• Data records:
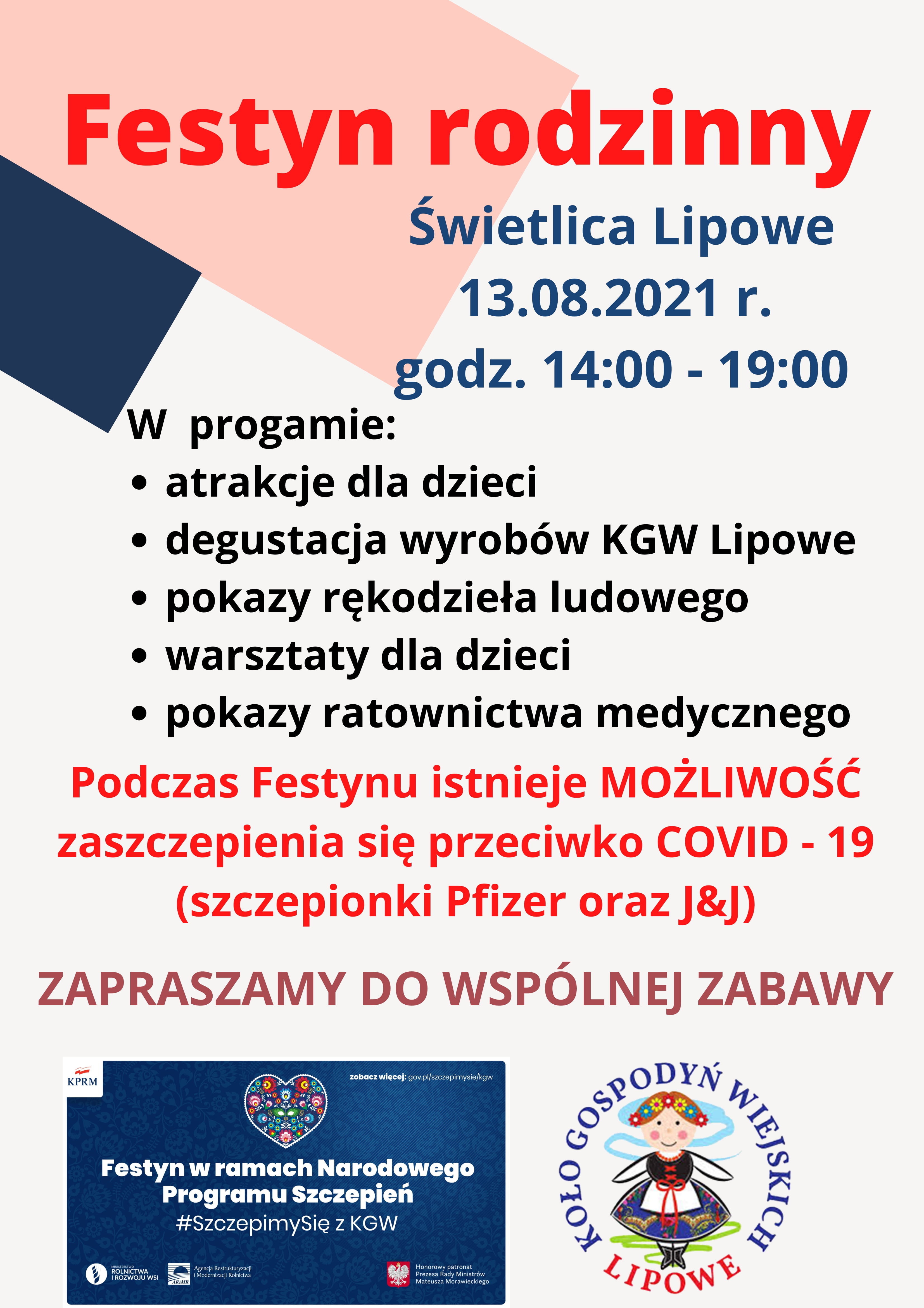 W dniu 13.08.2021 r. w okolicy świetlicy w Lipowem Stowarzyszenie KGW Lipowe organizuje Rodzinny Festyn w ramach akcji #SzczepimySię z KGW.
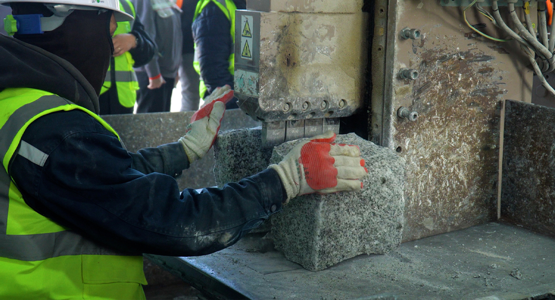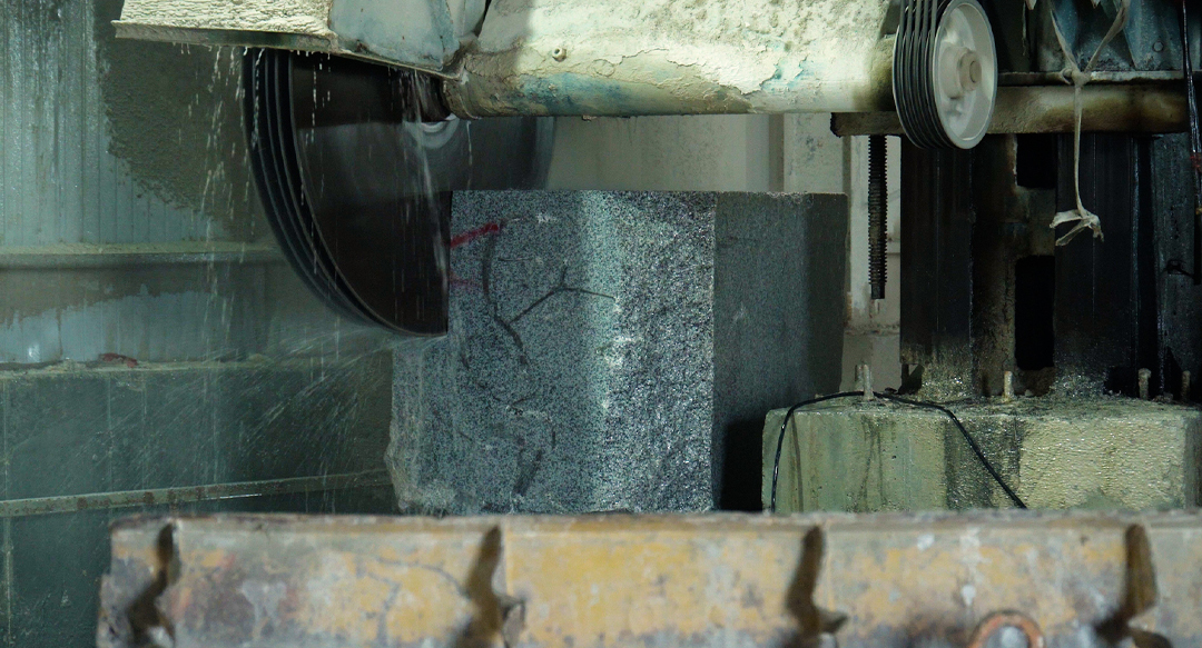 Уурхайгаас боржин чулуун блокийг автосамовалаар зөөн авчирч, 40, 50 мм зузаантай 2000*1500 мм хэмжээтэй том хавтанг бэлдэх бөгөөд уг хавтангийн гадаргууг гулгахаас сэргийлэн барзгар болгодог. Үүний дараа 600*600 хэмжээтэй хавтан үйлдвэрлэн гаргадаг байна.
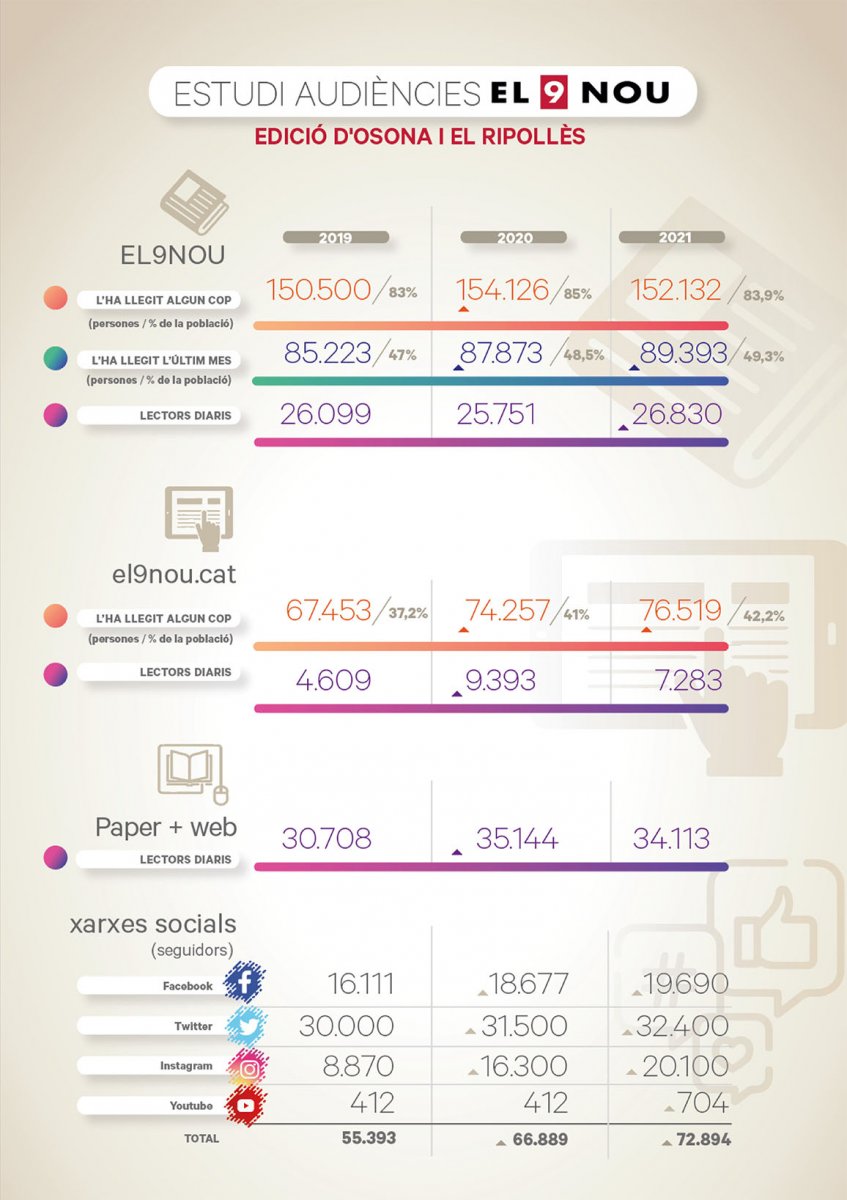 Un de cada dos osonencs i ripollesos majors de 15 anys ha llegit alguna de les edicions d’EL 9 NOU del darrer mes i gairebé el 84% de la població l’ha fullejat alguna vegada l’edició impresa del diari. Tot i les dificultats que viu el sector de la premsa escrita en general, l’últim estudi d’audiència elaborat per l’empresa Infortécnica-Audimedia mostra unes xifres de seguiment dels mitjans del Grup EL 9 NOU molt elevades. El nombre de lectors de cada edició se situa en les 26.830 persones, que hi destinen un temps mitjà de 7,8 minuts al dia, que equival al 38,1% del que la gent dedica a llegir la premsa. Deixant de banda les xifres de l’any 2020, que van venir condicionades per la pandèmia i el confinament, la línia de l’audiència del diari és clarament ascendent. I és també un lector molt heterogeni tant pel que fa al sexe com l’edat, ja que també el 82,3% dels menors de 35 anys asseguren haver llegit EL 9 NOU. L’estudi es va fer a través de 306 enquestes telefòniques a la població major de 15 anys de les dues comarques entre els mesos d’octubre i desembre de l’any passat.
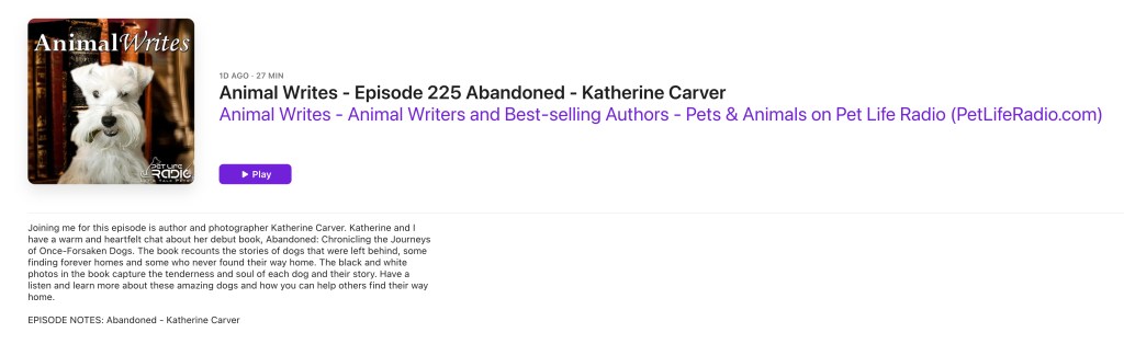 This fall, I had the opportunity to speak with Tim Link, the host of the show, Animal Writes on Pet Life Radio, where she asked thoughtful and insightful questions about my new book: ABANDONED: Chronicling the Journeys of Once-Forsaken Dogs. You can listen to the episode on Apple Podcast.
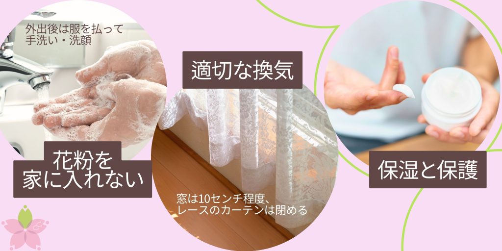 - 花粉を家に入れない: 帰宅時は玄関前で衣服を払い、すぐに洗顔やうがいをしましょう。
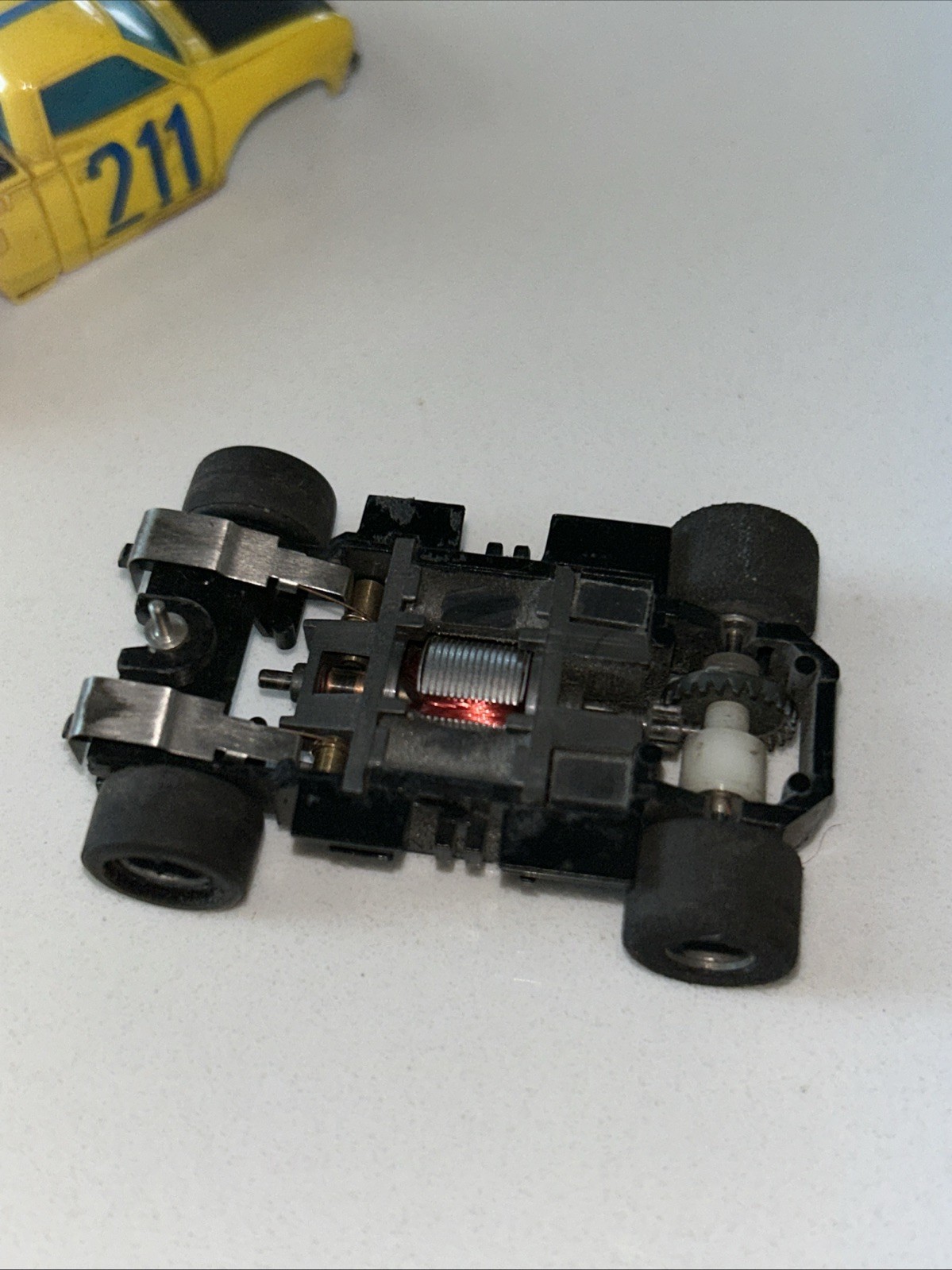 как выглядит Vintage Aurora AFX Yellow 211 Datsun Pick Up Truck HO Slot Base Not Original фото
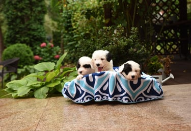 Jeśli chodzi o Szczenięta to miewamy miot zazwyczaj 1-2 razy w roku, jednak jak już się pojawią, to przykładamy szczególną wagę do wyboru domu, w którym mają zamieszkać oraz nowych opiekunów. Potencjalni nowi, właściciele pojawiają się jeszcze zanim suka jest w ciąży, a my poznajemy się nawzajem, po to by nasze „dzieci” trafiły w naprawdę doskonałe ręce. Mioty u Owczarków Staroangielskich z reguły średnio kształtują się od 5 – 10 szczeniaków. To jest zawsze wyjątkowy czas w naszym domu. Maluchy są zawsze wypieszczone przez nas, nasze dzieci no i oczywiście swoją mamę. One też są suplementowane, by potem dojrzewać i wyrosnąć na wybitnych przedstawicieli rasy Owczarka Staroangielskiego.
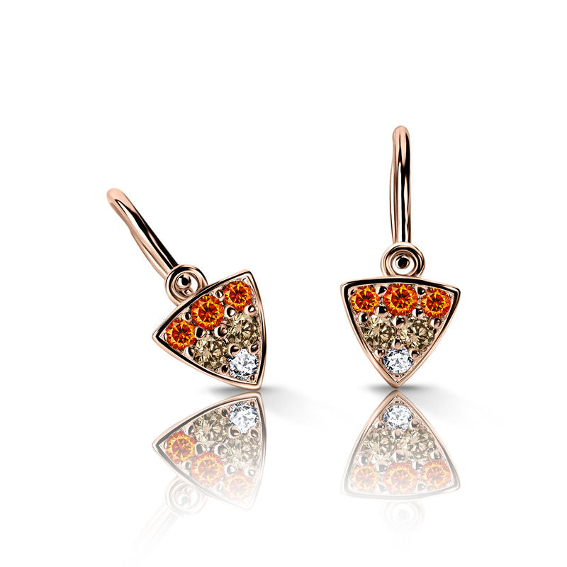 Detské náušnice Danfil C2207 z ružového zlata s oranžovými, peridotovo zelenými a bielymi kamienkami, brizúrové zapínanie
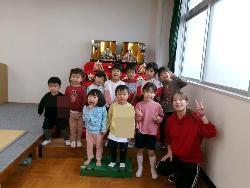 5歳児さん1名と昨日入園した3歳児さんをお祝いしました。

• Assignment: Every line from the top of the records above to the line with "Уурхайгаас боржин чулуун", inclusive, should be duplicated exactly, minus the pictures.

• Worked solution:
 W dniu 13.08.2021 r. w okolicy świetlicy w Lipowem Stowarzyszenie KGW Lipowe organizuje Rodzinny Festyn w ramach akcji #SzczepimySię z KGW.
 Уурхайгаас боржин чулуун блокийг автосамовалаар зөөн авчирч, 40, 50 мм зузаантай 2000*1500 мм хэмжээтэй том хавтанг бэлдэх бөгөөд уг хавтангийн гадаргууг гулгахаас сэргийлэн барзгар болгодог. Үүний дараа 600*600 хэмжээтэй хавтан үйлдвэрлэн гаргадаг байна.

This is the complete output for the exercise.